DR GOCKHAMIS compilation of Sheikh Abdullahs speeches, statements and letters as well as agreements on Kashmir is a useful addition to the literature on the subject. It contains a lot of material which throws light on his outlook and his policies.
It begins with his presidential address to the Sixth Session of the Muslim Conference on March 26, 1938, just before he converted it to the National Conference. He said: Like us, the large majority of Hindus and Sikhs in the State have immensely suffered at the hands of the irresponsible government. They are also steeped in deep ignorance and are in debt and starving. Establishment of responsible government is as much a necessity for them as for us. Sooner or later these people are bound to join our ranks.... The main problem, therefore, now before us, is to organise joint action and a united front against the forces that stand in our way in the achievement of our goal. This will require rechristening our organisation as a non-communal political body and introducing certain amendments in its constitution and rules.
The editor has missed out a speech in 1939 in which Sheikh Abdullah attacked Mohammad Ali Jinnah for supporting the rulers. Jinnahs eyes were set on the Nizams Hyderabad, a failing which cost Pakistan dear. In Lahore on November 1, 1947, Mountbatten gave Jinnah a written proposal for a plebiscite in all three States Junagadh, Hyderabad and Kashmir. Jinnah rejected it because it covered Hyderabad.
Also included in the book is the Sheikhs speech on December 30, 1944, at the Sopore session of the National Conference in which he presented a leftist document on Naya Kashmir (New Kashmir). In August 1945, Sheikh Mohammad Abdullah, in his presidential address at Hazaribagh, Srinagar, in the presence of Maulana Abdul Kalam Azad, said: Apprehensions regarding majoritarian dictatorship are found [sic.] with Muslims of India and if these apprehensions can be removed, in particular, through the acceptance of the principle of right of self determination, then the Indian National Congress should have no hesitation to put it at the top of its agenda.
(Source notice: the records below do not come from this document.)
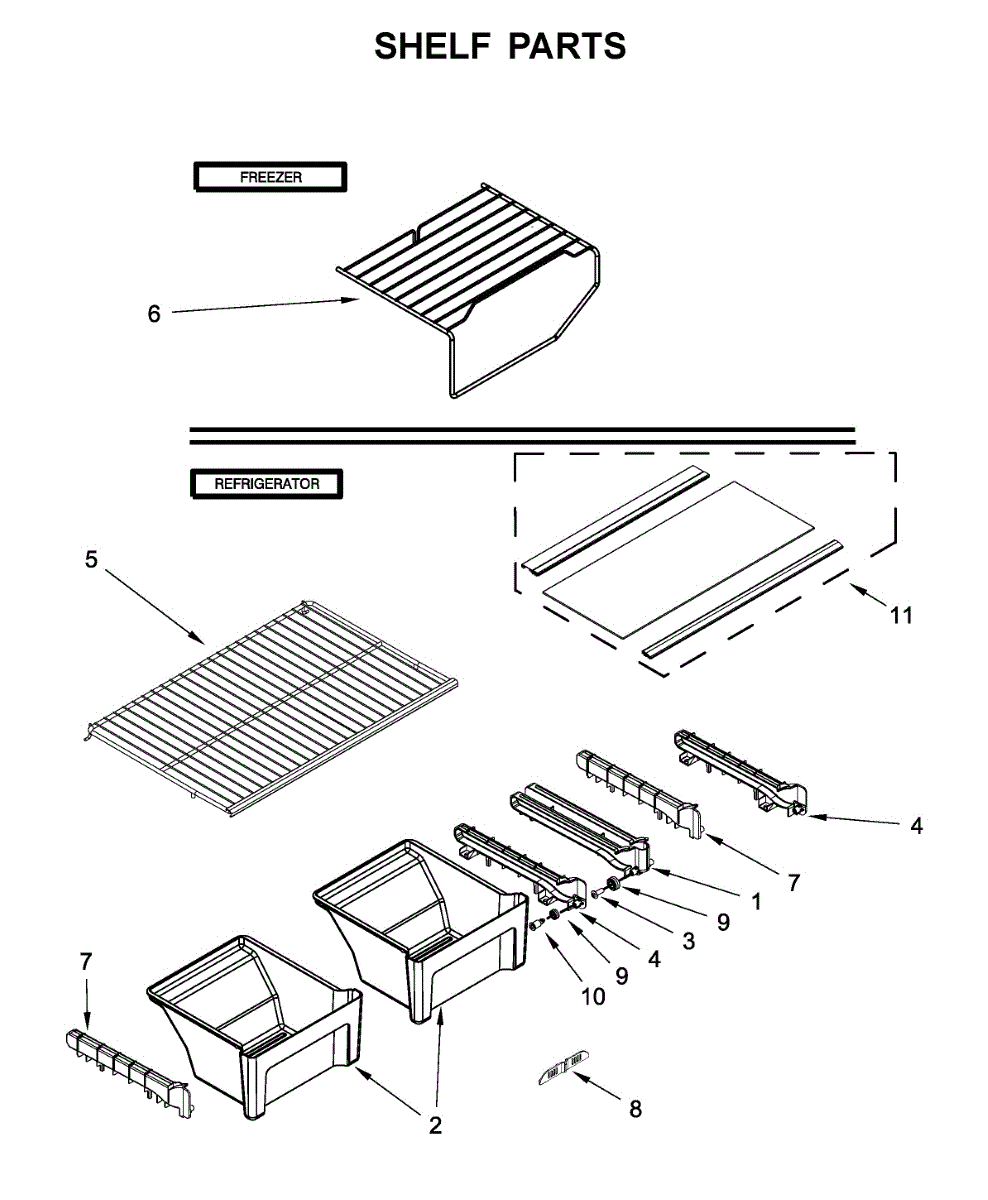 • Lift old shelf straight up/out of the support tracks; slide new shelf into the same tracks until seated
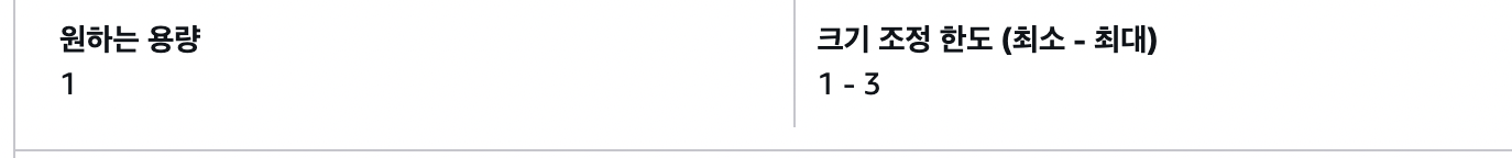 - 우선 시작 용량은 1로 설정했다. 회원 모집 기간 이외에는 트래픽이 많이 몰리지 않을 것이기 때문이다.
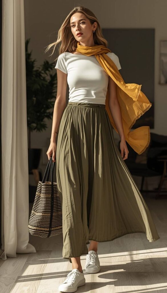 A crisp white short-sleeve tee tucked into high-waisted olive-green pleated wide-leg trousers (soft drape, side slit), layered with a flowing mustard-yellow silk scarf draped over one shoulder. Styled with white platform sneakers, a woven tote with geometric trim, and minimal jewelry. Sunlight streams through the window—the fabric catches light like warmth made visible. The look is grounded, fresh, and full of effortless charm.
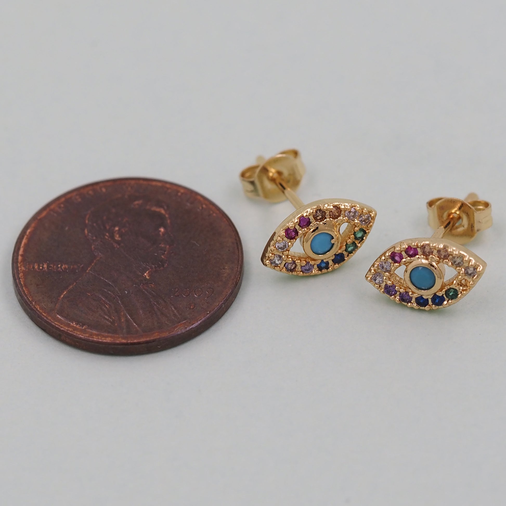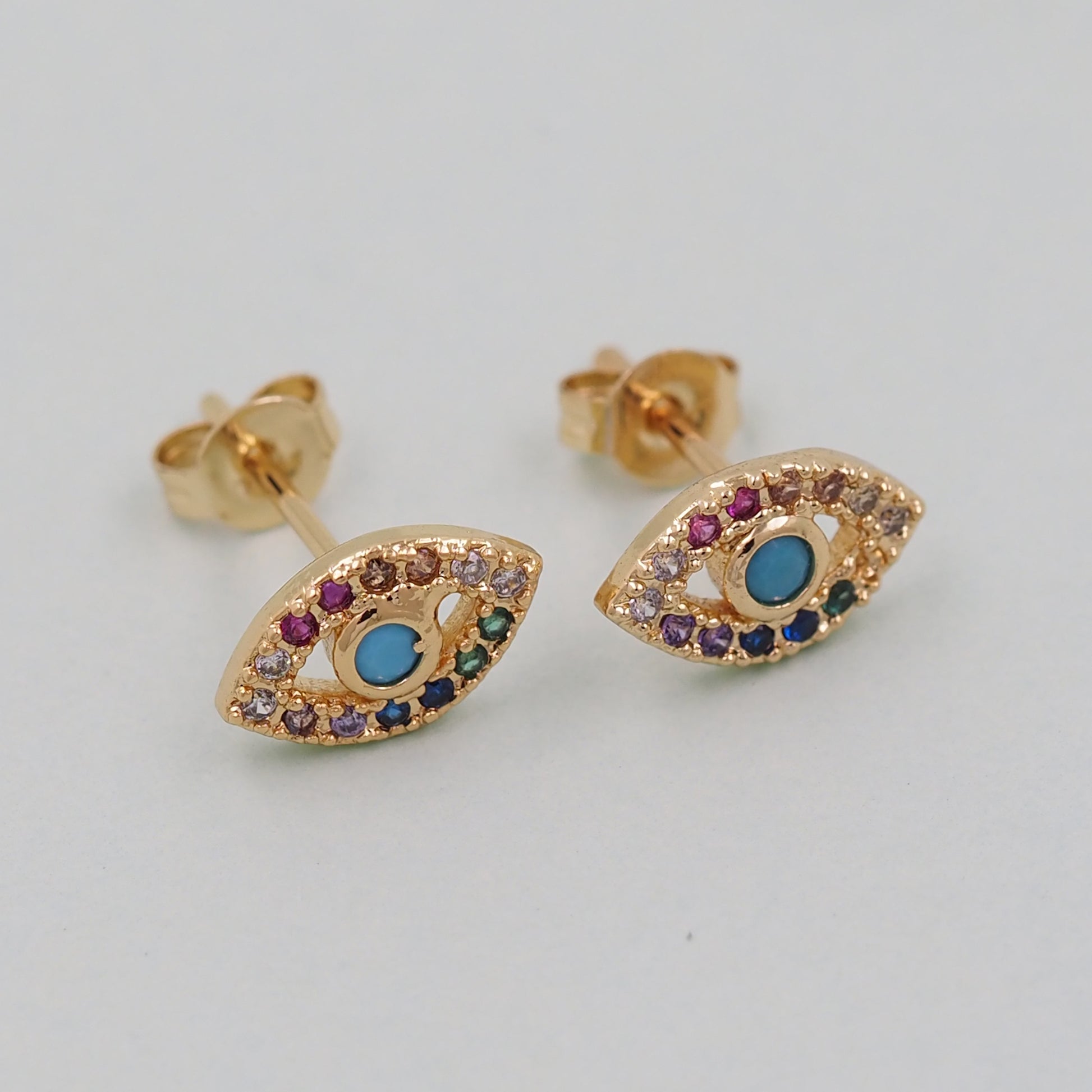 1pair 18K Gold Filled Evil Eye Hoops Earrings,Gold Earrings,Dainty Hoops Huggie,Gold Huggies Hoop Earrings

In Kashmir, the National Conference has accepted it not as a faith for all the nationalities of the States of J and K only but in its wider connotations of culture and civilisation and for that purpose the National Conference has distinctively recorded it in the introduction of its constitution of the Naya Kashmir (New Kashmir).
However, only extracts, not the full texts, are printed. Fortunately, we have the texts of the letters he wrote to Maulana Mohammed Saeed Masoodi, general secretary of the National Conference, right on the eve of his arrest on August 8, 1953. He had publicly warned in the famous Ranbirsingh Pura speech on April 10, 1952: Kashmirs accession to India will have to be of a restricted nature so long as communalism has a foothold on the soil of India. We are prepared to welcome application of Indias Constitution to Kashmir in its entirety once we are satisfied that the grave of communalism has been finally dug in India. Of that we are not clear yet.
He made a clean breast of what was passing in his mind: Some people here and in the Indian press also have started questioning our very fundamental right to shape our destiny in our own way. They do not tell us what will happen to Kashmir if there is recurrence of communalism in India and how under those circumstances are we to convince the Muslims of Kashmir that India does not intend to swallow up Kashmir.
He added: So far as Kashmir is concerned, it wants to preach the mission of secular democracy both to India and Pakistan. Many Kashmiris fear that in case of the death of Nehru or any untoward happening what will happen to them or their special statutes I warn those who want Kashmirs full accession with India, in all affairs. They are once again adding fuel to the fire of dispute. In case the special status is not accorded to Kashmir in Indian Constitution then how can we talk to Kashmiri Muslims and assure them that India does not want to interfere in the internal affairs of Kashmir.
Many of his utterances have an astonishingly contemporary relevance. Texts of documents make this a useful work of reference.
The other two books are long on rhetoric and short on research and documentation. They, however, represent accurately the Kashmiri viewpoint and must be read widely.
The house in which Sheikh Saheb lived at Soura should be made a protected monument by the State government. A Shere-e-Kashmir Memorial Library and Research Centre should be set up there on the lines of the Nehru Memorial Museum & Library in Teen Murti House in New Delhi. Apart from being a library, the centre should be a repository of documents and private papers of public figures including, of course, Sheikh Saheb himself. Such a centre of learning will be a fitting memorial to a great man whom even the Hizb chief Syed Salahuddin praised recently, on September 29.